**** INFORMATION GIVEN
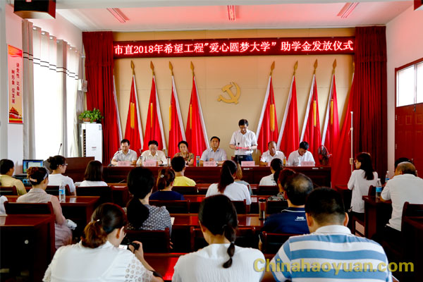 阜陽市直機關工委領導李濤、周君、劉振、高爐、余彪,昊源公司副總經(jīng)理田懷廣、椿樹村委書記張明華出席助學金發(fā)放儀式。
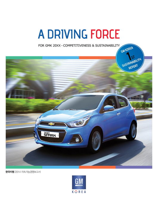 한국지엠이 2002년 회사 출범 이후 처음으로 'A Driving Force' 제호로 발간한 지속가능 보고서는 지난 14년간 국내 최대 외국인 직접투자기업 중 하나로서 소임을 다해온 한국지엠의 사회책임경영에 대한 자료를 바탕으로 완성됐다. 한국지엠은 발간된 보고서가 회사 경영의 핵심 가치인 '고객, 관계, 탁월성'에 대한 정보를 담고 있다.
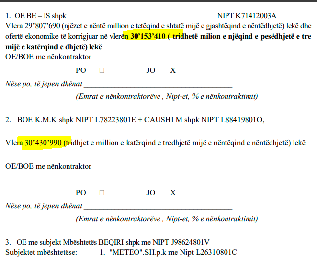 NdĂ«rkaq, oferta e oferta e operatorit “BE – IS “ shpk Ă«shtë  29 807 690 lekĂ« dhe me vlerĂ« tĂ« korrigjuar nĂ« shifrĂ«n 30 153 410 lekĂ«. NdĂ«rsa kompania “K.M.K” shpk ka propozuar ta bĂ«jĂ« kĂ«tĂ« punĂ« me 30 430 990 lekĂ« pa TVSH.
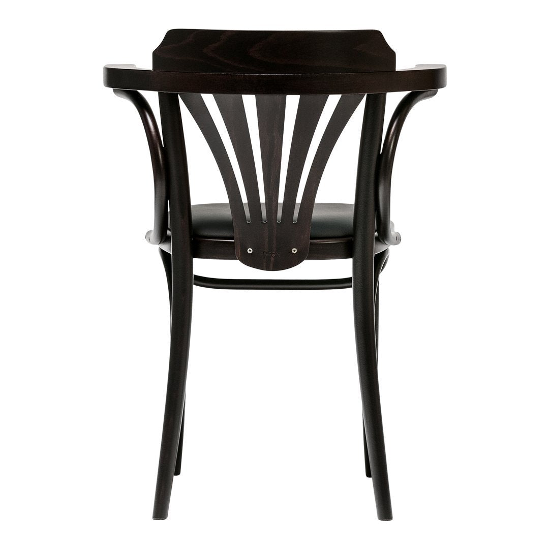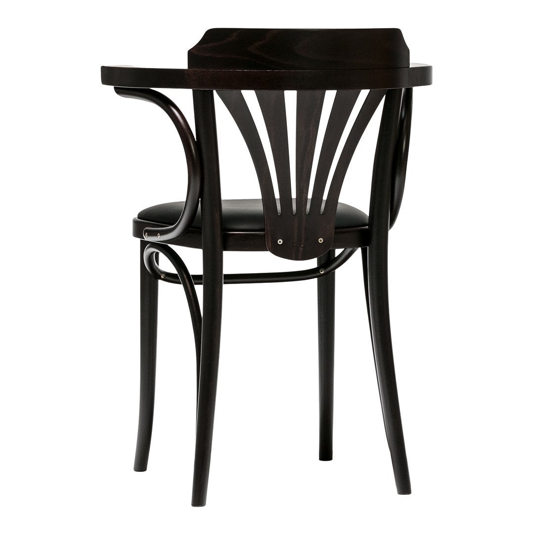 This traditional armchair has a characteristic fan filling the backrest. The plywood seat can be upgraded with a relief and the upholstered version with decorative studs framing the seat and top part of the backrest.
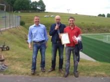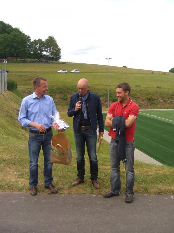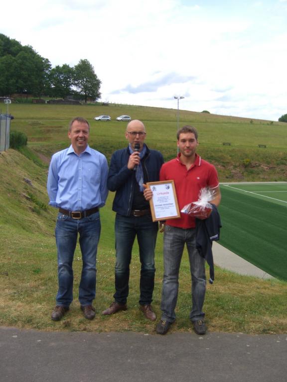Nachdem er vor kurzem stolzer Vater von Leo geworden ist, hat er bei der Ehrung, gleich die ersten Fußballschuhe für seinen Stammhalter von Günter Birkler geschenkt bekommen.
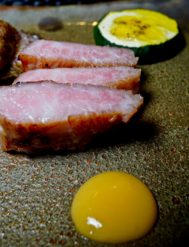 伊比利豬松阪豬以鹽取醃過後低溫舒肥, 口感不錯, 盤面上有黃色的醋味噌
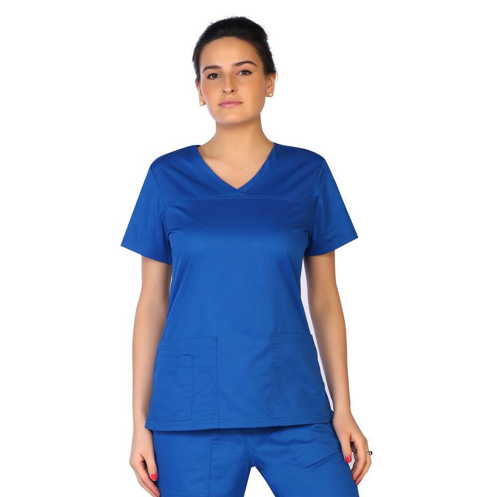LifeThreads Contego Women's Stretch V-Neck Scrub Top -Royal Blue,S
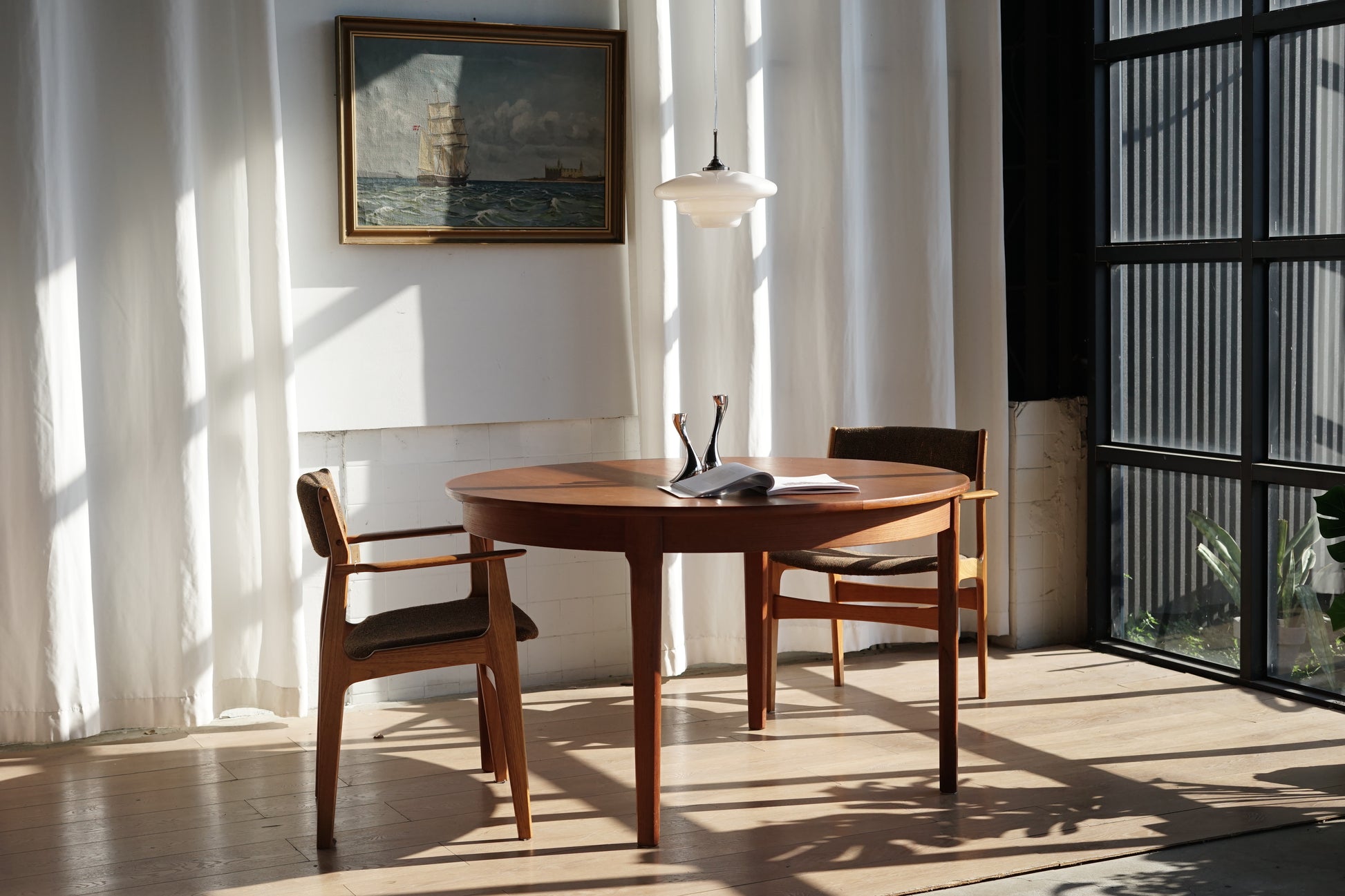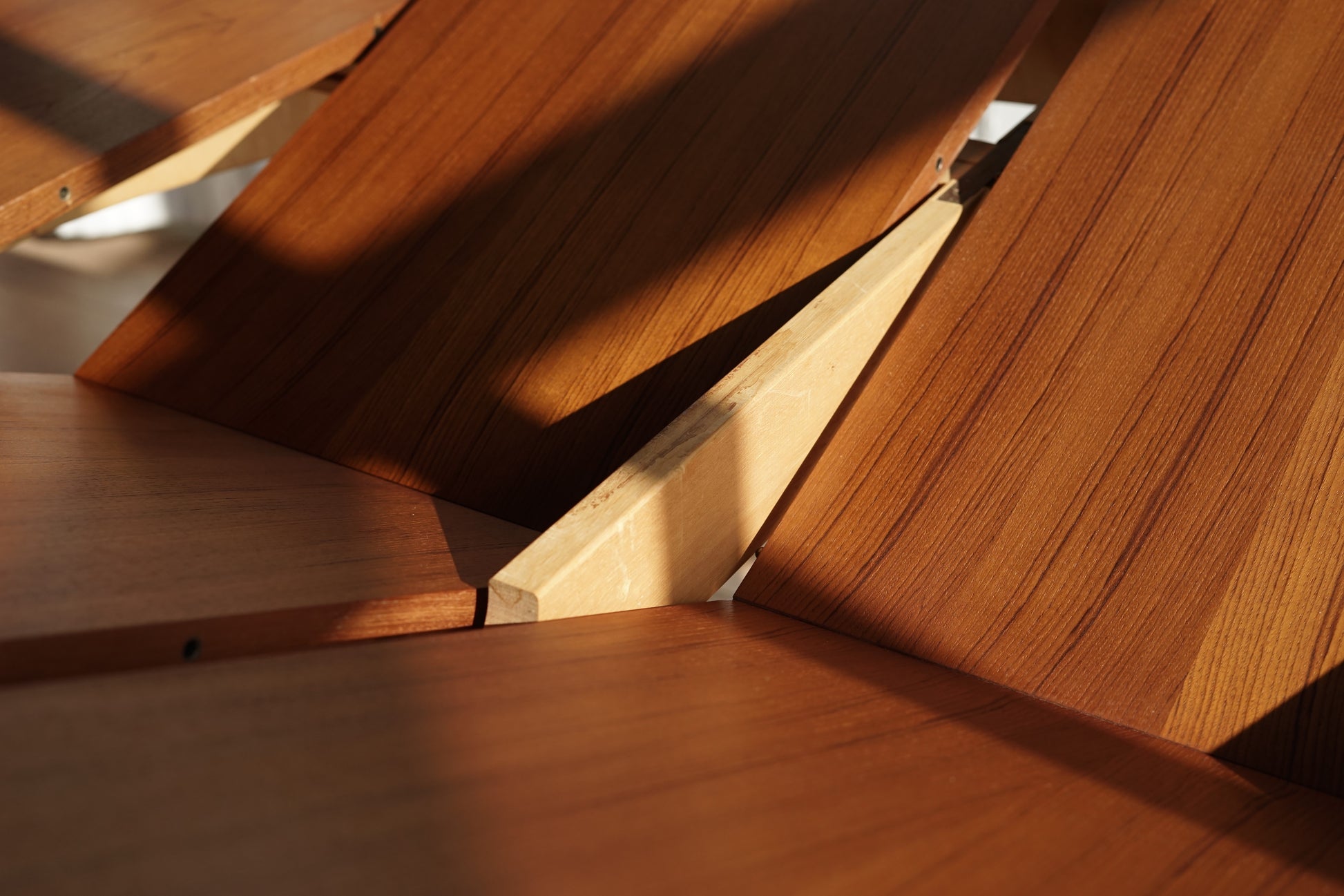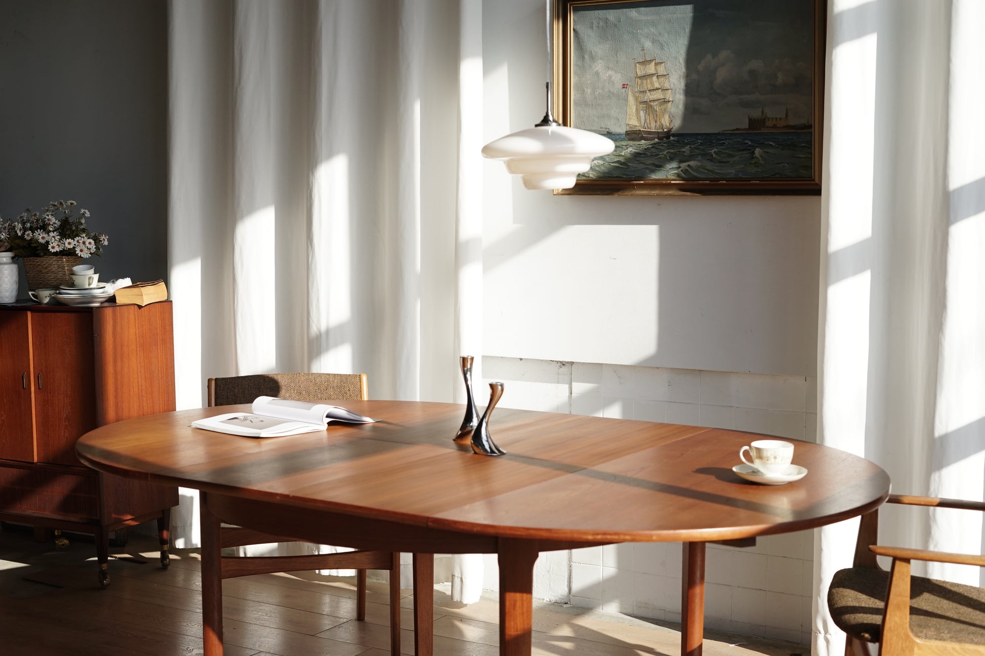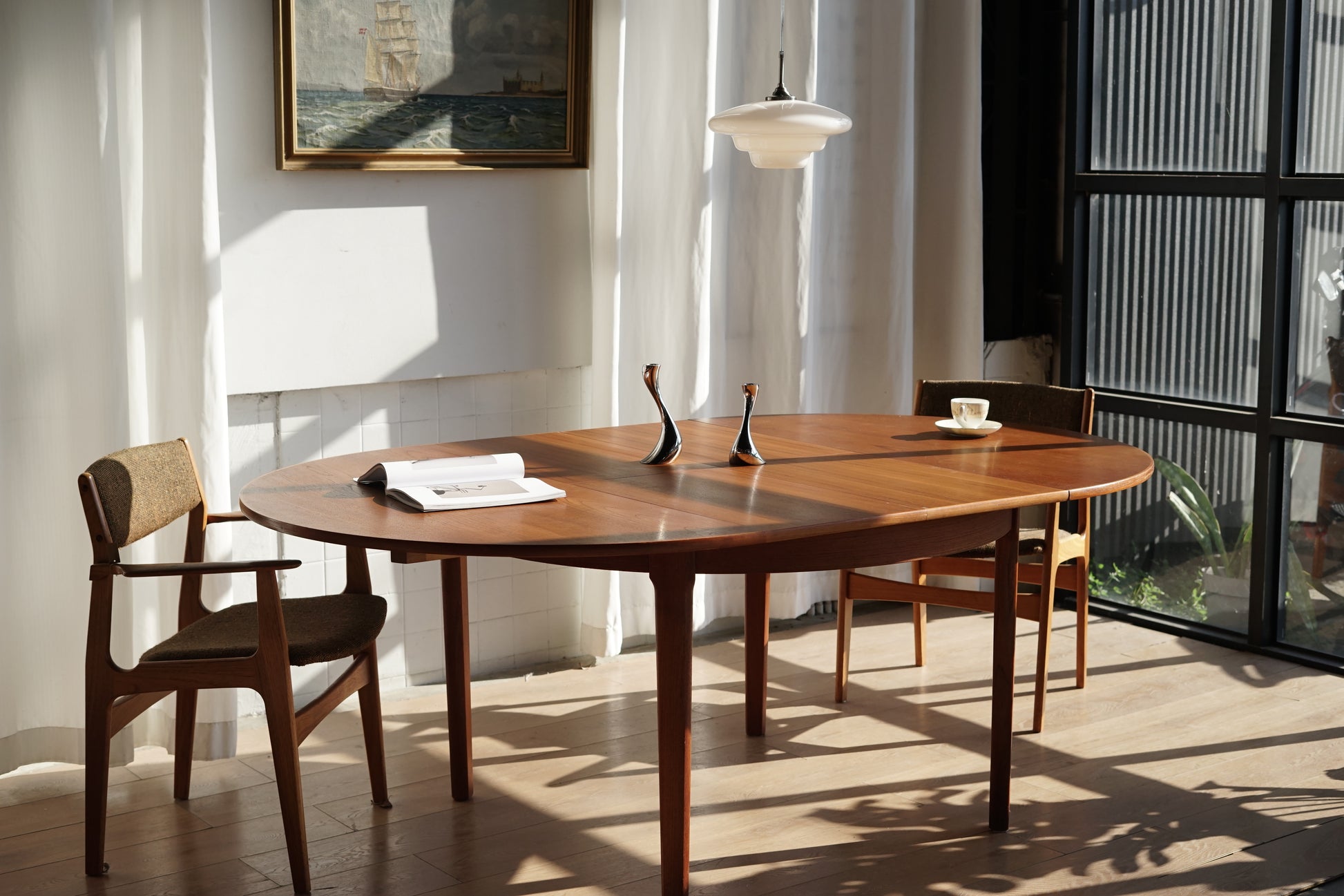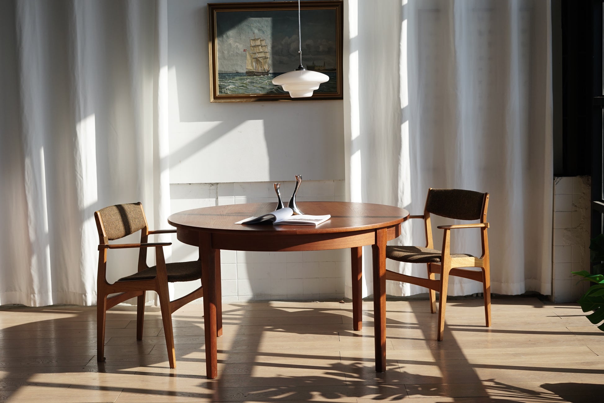 這張餐桌採用溫潤的柚木材質,桌面貼皮呈現細緻的直木紋理,邊緣微作倒角處理,使整體視覺更加溫柔、沒有突兀的硬邊。桌腳為典型丹麥設計的圓錐形/略作錐度木腳,從桌面向下逐漸收細,強調輕盈感。
********
▸ YOUR GOAL:
Having found the line with "한국지엠이 2002년 회사" and the line with "This traditional armchair" in the material above, write out exactly those two and every line between, leaving the pictures out.

▸ EXERCISE SOLUTION:
 한국지엠이 2002년 회사 출범 이후 처음으로 'A Driving Force' 제호로 발간한 지속가능 보고서는 지난 14년간 국내 최대 외국인 직접투자기업 중 하나로서 소임을 다해온 한국지엠의 사회책임경영에 대한 자료를 바탕으로 완성됐다. 한국지엠은 발간된 보고서가 회사 경영의 핵심 가치인 '고객, 관계, 탁월성'에 대한 정보를 담고 있다.
 NdĂ«rkaq, oferta e oferta e operatorit “BE – IS “ shpk Ă«shtë  29 807 690 lekĂ« dhe me vlerĂ« tĂ« korrigjuar nĂ« shifrĂ«n 30 153 410 lekĂ«. NdĂ«rsa kompania “K.M.K” shpk ka propozuar ta bĂ«jĂ« kĂ«tĂ« punĂ« me 30 430 990 lekĂ« pa TVSH.
 This traditional armchair has a characteristic fan filling the backrest. The plywood seat can be upgraded with a relief and the upholstered version with decorative studs framing the seat and top part of the backrest.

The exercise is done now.